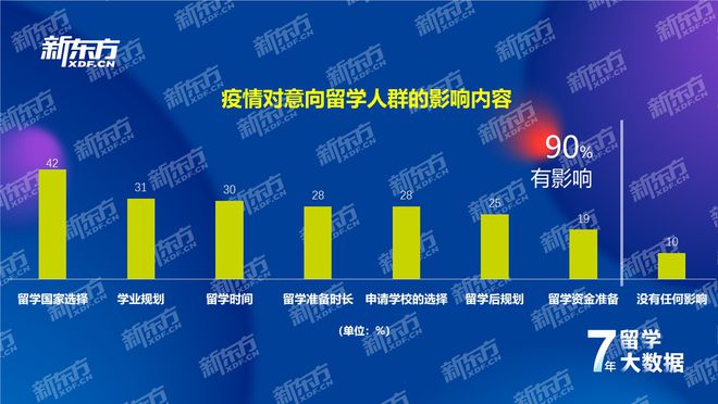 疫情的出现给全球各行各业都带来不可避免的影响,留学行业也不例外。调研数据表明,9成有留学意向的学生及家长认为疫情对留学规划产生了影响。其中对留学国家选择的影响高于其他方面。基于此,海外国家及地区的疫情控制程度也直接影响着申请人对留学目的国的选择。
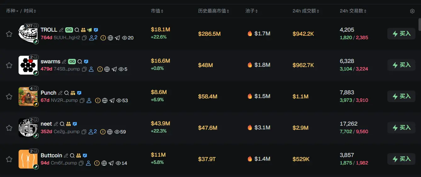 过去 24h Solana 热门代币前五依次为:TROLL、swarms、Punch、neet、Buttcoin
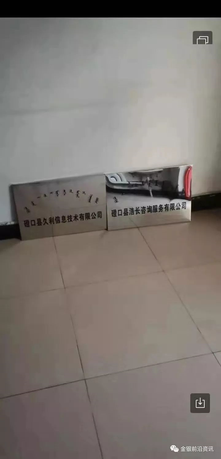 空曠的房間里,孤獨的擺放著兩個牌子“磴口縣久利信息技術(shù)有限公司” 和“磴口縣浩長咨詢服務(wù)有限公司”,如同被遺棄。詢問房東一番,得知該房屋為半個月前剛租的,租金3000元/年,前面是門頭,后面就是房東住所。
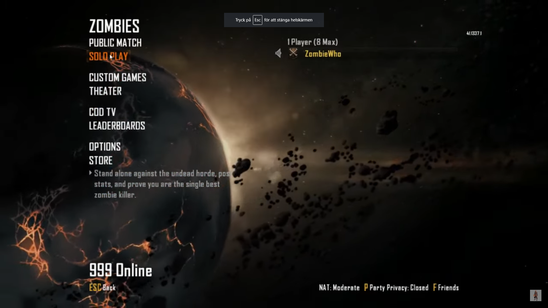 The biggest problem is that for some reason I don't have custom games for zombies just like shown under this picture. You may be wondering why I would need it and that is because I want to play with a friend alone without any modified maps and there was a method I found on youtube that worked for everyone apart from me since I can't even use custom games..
..........
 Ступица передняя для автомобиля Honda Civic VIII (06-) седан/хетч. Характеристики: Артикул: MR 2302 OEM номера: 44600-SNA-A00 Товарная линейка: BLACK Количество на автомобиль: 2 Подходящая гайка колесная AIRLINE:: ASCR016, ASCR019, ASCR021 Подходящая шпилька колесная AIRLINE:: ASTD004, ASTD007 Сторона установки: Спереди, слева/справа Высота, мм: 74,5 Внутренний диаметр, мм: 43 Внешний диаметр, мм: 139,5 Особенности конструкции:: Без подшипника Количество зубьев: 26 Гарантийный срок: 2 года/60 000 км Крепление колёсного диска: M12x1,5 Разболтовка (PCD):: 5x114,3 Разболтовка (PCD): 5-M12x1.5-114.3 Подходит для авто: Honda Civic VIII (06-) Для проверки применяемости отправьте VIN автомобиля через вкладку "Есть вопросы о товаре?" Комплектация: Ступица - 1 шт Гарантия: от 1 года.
..........
▶ **Exercise requirements**
Exactly the lines above, from the one containing "疫情的出现给全球各行各业都带" down to the one containing "空曠的房間里,孤獨的擺放著兩", are to be repeated, including both ends. Pictures are not part of the copy.

▶ **Exercise solution**
 疫情的出现给全球各行各业都带来不可避免的影响,留学行业也不例外。调研数据表明,9成有留学意向的学生及家长认为疫情对留学规划产生了影响。其中对留学国家选择的影响高于其他方面。基于此,海外国家及地区的疫情控制程度也直接影响着申请人对留学目的国的选择。
 过去 24h Solana 热门代币前五依次为:TROLL、swarms、Punch、neet、Buttcoin
 空曠的房間里,孤獨的擺放著兩個牌子“磴口縣久利信息技術(shù)有限公司” 和“磴口縣浩長咨詢服務(wù)有限公司”,如同被遺棄。詢問房東一番,得知該房屋為半個月前剛租的,租金3000元/年,前面是門頭,后面就是房東住所。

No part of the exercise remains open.